There was a pause. “This is a hell of a job I have,” Finch said heavily. “Sometimes I think I’m not the man for it at all.”
Stoner smiled. “Dave Masters once said you weren’t a big enough son-of-a-bitch to be really successful.”
“Maybe he was right,” Finch said. “But I feel like one often enough.”
“Don’t worry about it, Gordon,” Stoner said. “I understand your position. And if I could make it easier for you I—” He paused and shook his head sharply. “But I can’t do anything right now. It will have to wait. Somehow ...”
Finch nodded and did not look at Stoner; he stared at his desk top as if it were a doom that approached him with slow inevitability. Stoner waited for a few moments, and when Finch did not speak he got up quietly and went out of the office.

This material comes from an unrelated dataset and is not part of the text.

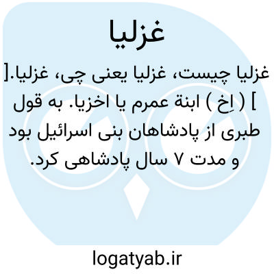 غزلیا.[ ] ( اِخ ) ابنة عمرم یا اخزیا. به قول طبری از پادشاهان بنی اسرائیل بود و مدت 7 سال پادشاهی کرد. متن عبارت طبری این است: «ثم ملکت عتلیا و تسمی غزلیا ابنة عمرم ام اخزیا... ملکها سبع سنین ». رجوع به مجمل التواریخ و القصص ص 144 و حاشیه آن شود.
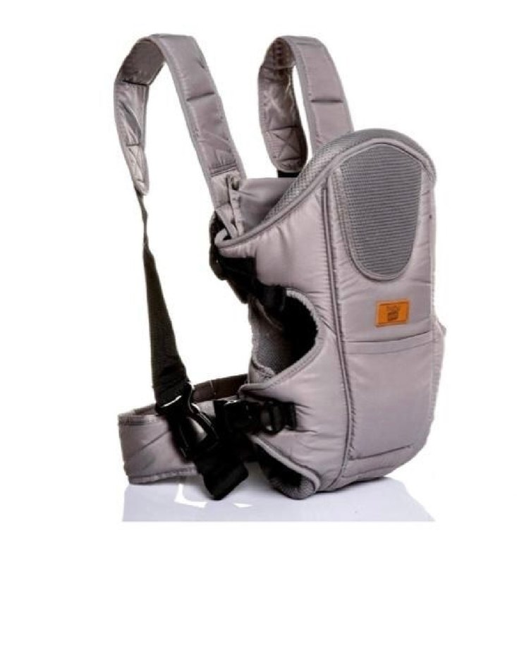 Gri bebek taşıyıcı, rahat taşıma için dolgulu askılar ve güvenli tokalar içerir. Kullanımı kolay ve destek sağlar. Hiç kullanmadım oğlum için almıştım kullanamadım

Because of his conversation with Gordon Finch, Stoner was late that afternoon getting to Katherine’s apartment. Without bothering to look up or down the street he went down the walk and let himself in. Katherine was waiting for him; she had not changed clothes, and she waited almost formally, sitting erect and alert upon the couch.
“You’re late,” she said flatly.
“Sorry,” he said. “I got held up.”
Katherine lit a cigarette; her hand was trembling slightly. She surveyed the match for a moment, and blew it out with a puff of smoke. She said, “One of my fellow instructors made rather a point of telling me that Dean Finch called you in this afternoon.”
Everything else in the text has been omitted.